Yapılan yargılama sonunda toplanan tüm deliller ile denetlenip benimsenen ve somut olaya uygun görülen bilirkişi raporundaki gerekçeler ve hesaplamalara göre; Davacı banka ile davalı borçlu ——arasında 25.04.2016 tarihli Genel Kredi sözleşmesi imzalandığı, borcun ödenmediği, davacı bankanın ihtarı sonrası alacağın ödenmediği, davacı bankanın vermiş olduğu kredi alacağının tahsili için icra takibi başlattığı, davalı yanca itiraz dilekçesinde asıl alacağa, faize, faiz oranına ve ferilerine ayrı ayrı itiraz ileri sürdüğü anlaşılmıştır. Bu nedenle mahkememizce banka kayıtları üzerinden uzman bilirkişiye inceleme yaptırılmış, rapor alınmıştır. Bankacı bilirkişi hazırladığı raporunda, davalının imzaladığı sözleşme nedeniyle kullandırılan kredinin bir süre sonra ödenmediği bu nedenle bankaca hesabın kat edildiğini, ödenmeyen takip konusu alacağın 09.06.2021 takip tarihi ile 11.04.2022 dava tarihi arasında sağlanan tahsilatlar nedeniyle 105.960,09 TL asıl borç, 30.084,65 TL faiz ve BSMV’si olmak üzere toplam 136.044,74 TL olarak hesaplanarak rapor edilmiş ve mahkemece hükme esas alınmıştır. Dava tarihinden takip tarihine kadar faiz işletilerek ve dava tarihi sonunda işleyerek devam ederek hüküm kurma gerekiyorsa da dava tarihi ile takip tarihi arasında davalı tarafından yapılan ödemelerin resen düşülmesi gerektiğinden artık dava anına göre takibin devam edeceği hüküm altına almak yerinde olduğundan ve davalının itirazının yerinde olmadığı anlaşılmakla davanın kabulüne karar verilmiştir.Davacı taraf, inkar tazminatı da talep etmiş olup; banka kredi sözleşmelerinden kaynaklı alacakların likit olduğu, hükme esas alınan miktar yönünden de davalının itirazında haksız olduğu nazara alınarak asıl alacak üzerinden inkar tazminatına da hükmedilmek suretiyle aşağıdaki karar tesis olunmuştur.

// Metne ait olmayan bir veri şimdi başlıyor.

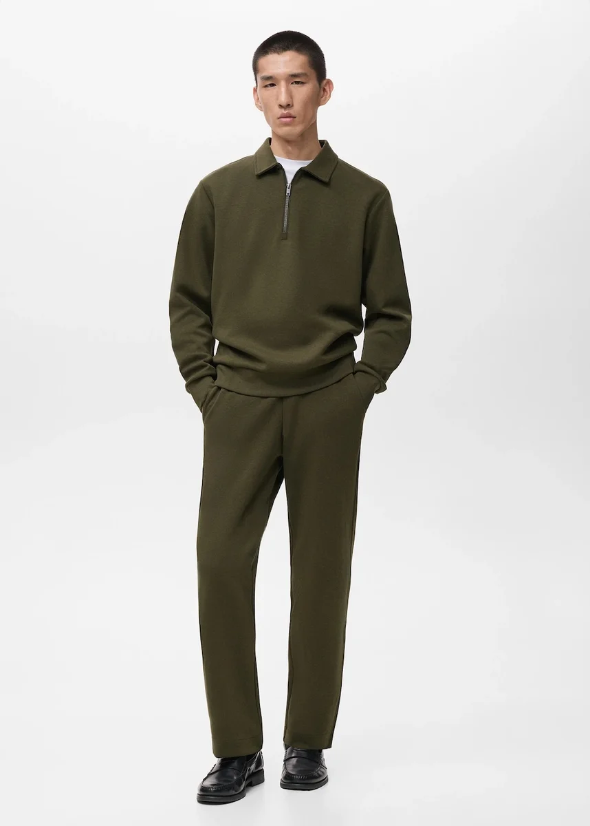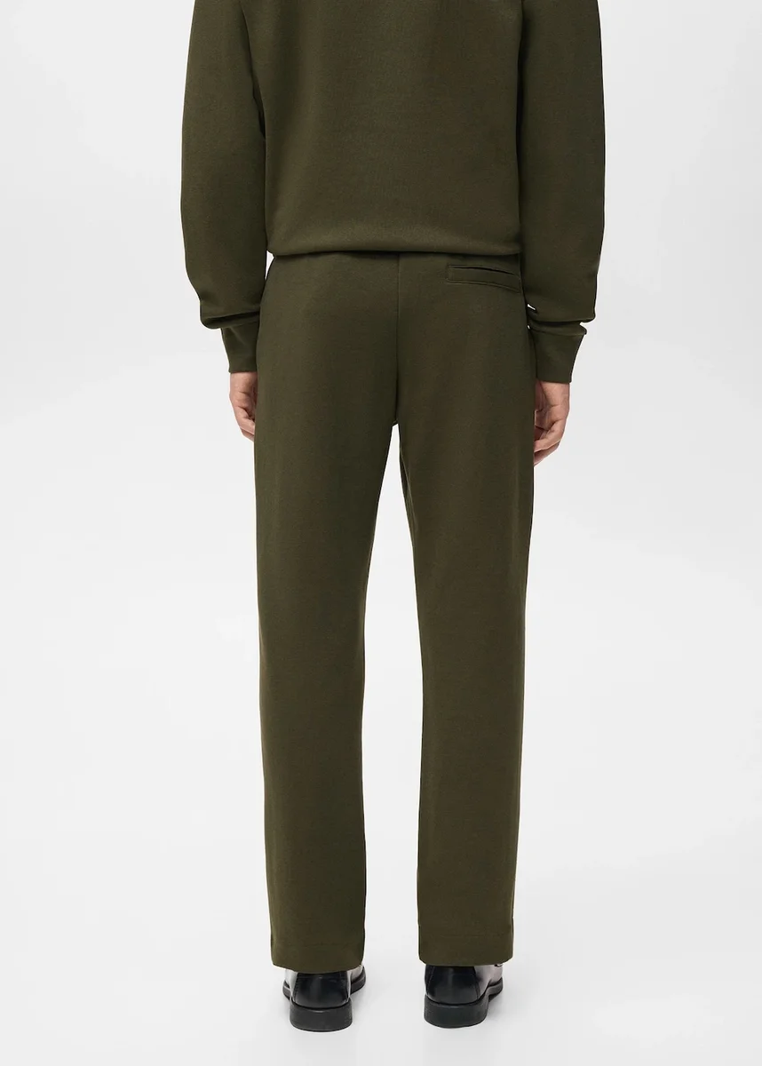 Tessuto misto cotone. Modello jogger. Silhouette dritta. Vita elasticizzata con coulisse interna regolabile. Due tasche laterali. Tasca posteriore applicata.

HÜKÜM :Gerekçesi yukarıda açıklandığı üzere;
DAVANIN KABULÜ ile;
1-Davalının —– Banka Alacakları İcra Müdürlüğü’nün—— sayılı dosyasına yaptığı itirazın İPTALİ ile takibin;
Dava tarihi olan 11.04.2022 tarihi itibariyle 105.960,09 TL asıl alacak, 30.084,65 TL işlemiş faiz ve BSMV’si olmak üzere toplam 136.044,74 TL üzerinden ve asıl alacağa dava tarihi olan 11.04.2022 tarihinden tahsil tarihine kadar %26,82 oranında temerrüt faizi ve bu faiz üzerinden %5 gider vergisi uygulanarak devamına,
105.960,09 TL asıl alacak üzerinden %20 icra inkar tazminatının davalıdan tahsiline, davacıya verilmesine,
2-Harçlar kanunu uyarınca alınması gereken 7.672,85 TL harçtan, peşin alınan 1.322,47 TL harcın mahsubu ile bakiye 6.350,38 TL harcın davalıdan tahsili ile hazineye irat kaydına,
3-Davacı tarafça dava açılırken yatırılan 80,70 TL başvurma harcı ve 1.322,47 TL peşin harç olmak üzere toplam 1.403,17‬ TL’nin davalıdan alınarak davacı tarafa ödenmesine,
4-Davacı tarafça sarf edilen 2.644,00 TLL(Bilirkişi ücreti: 2.500,00 TL+Posta/Teblgat gideri: 144,00 TL) yargılama giderinin davalıdan alınarak davacı tarafa ödenmesine,
5-Davacı taraf yararına AAÜT uyarınca 17.848,60 TL vekalet ücretinin davalıdan alınarak davacı tarafa ödenmesine,
6-Taraflarca yatırılmış gider avansından kullanılmayan kısmının karar kesinleştiğinde ve talep halinde yatırana iadesine,
7-Davadan önce gidilen ara buluculukta devletçe karşılanan 1.360,00 TL ara buluculuk ücretinin davalıdan tahsili ile hazineye irat kaydına, bu nedenle bu miktar yönünden de harç gibi tahsil müzekkeresi hazırlanmasına,Dair, kararın tebliğinden itibaren 2 haftalık süre içinde —–Bölge Adliye Mahkemesi’ ne istinaf yolu açık olmak üzere huzurda bulunan davacı vekilinin yüzüne karşı davalı vekilinin yokluğunda verilen karar açıkça okunup usulen anlatıldı.